Data DynamicsApril 16, 202610 min read

Prompt engineering is the technique of optimizing inputs to LLMs to achieve desired results. This post systematically covers fundamental techniques through advanced patterns, practical templates, and evaluation methods.

1. Prompt Engineering Fundamentals

Components of a Prompt

An effective prompt is composed of the following elements:

┌────────────────────────────────────────────┐
│              Prompt Structure               │
│                                             │
│  1. Role         — Model persona            │
│  2. Context      — Background, constraints  │
│  3. Instruction  — Task to perform          │
│  4. Input        — Data to process          │
│  5. Examples     — Desired I/O pairs        │
│  6. Format       — Response structure       │
│  7. Constraints  — What NOT to do           │
└────────────────────────────────────────────┘

Prompt Writing Principles

Principle	Bad Example	Good Example
Be specific	"Optimize the code"	"Improve this Python function's time complexity from O(n²) to O(n log n)"
Assign role	"Write SQL"	"You are a DBA. Write optimized SQL considering index utilization"
Specify format	"Tell me pros and cons"	"Present pros/cons in table format (item/pros/cons/notes)"
State constraints	"Summarize this"	"Summarize in 3 sentences max, translate technical terms to Korean"
Separate steps	"Analyze and write report"	"Step 1: Data analysis, Step 2: Derive insights, Step 3: Write report"
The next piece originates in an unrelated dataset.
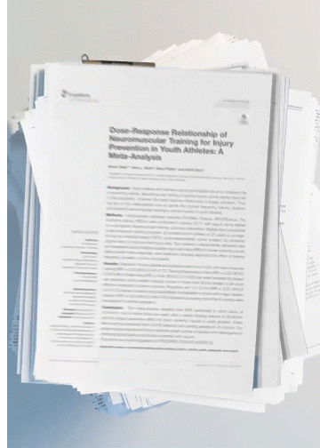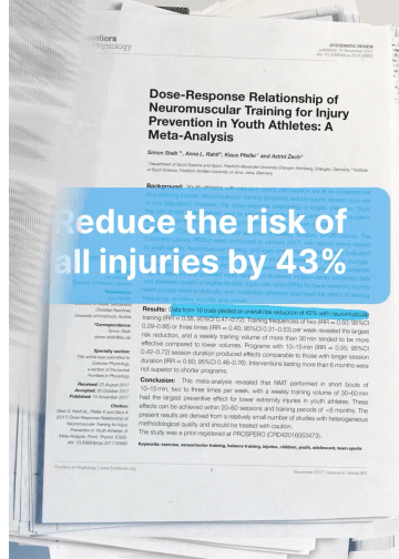 Every training session includes 5 or more deceleration/ landing stabilization movements, and lunges, hams and calf exercises as prescribed by meta-analytic research examining the most effective programs studied in the past 25 years. New exercises in one or more of these categories are introduced every other session.

2. Core Prompting Techniques

Zero-shot Prompting

Performing tasks with instructions only, without examples.

Classify the sentiment of the following customer review as "positive", "negative", or "neutral".

Review: "Product quality is fine but shipping was too slow. Please send faster next time."

Sentiment:

Few-shot Prompting

Providing a few examples so the model learns the pattern.

Classify the following SQL error messages using these examples:

Error: "ORA-00942: table or view does not exist"
Category: Object access error
Action: Check table existence, verify permissions

Error: "ORA-01400: cannot insert NULL into"
Category: Data integrity error
Action: Check NOT NULL columns, set defaults

Error: "ORA-04031: unable to allocate shared memory"
Category:
Action:

Few-shot design tips:

Tip	Description
Diverse examples	Include all categories evenly
Edge cases	Include boundary cases for accuracy
Consistent format	Write all examples in identical structure
Right number	3-5 is optimal (too many increases cost)
Order	Place most relevant example last

Chain-of-Thought (CoT) Prompting

Explicitly inducing step-by-step reasoning.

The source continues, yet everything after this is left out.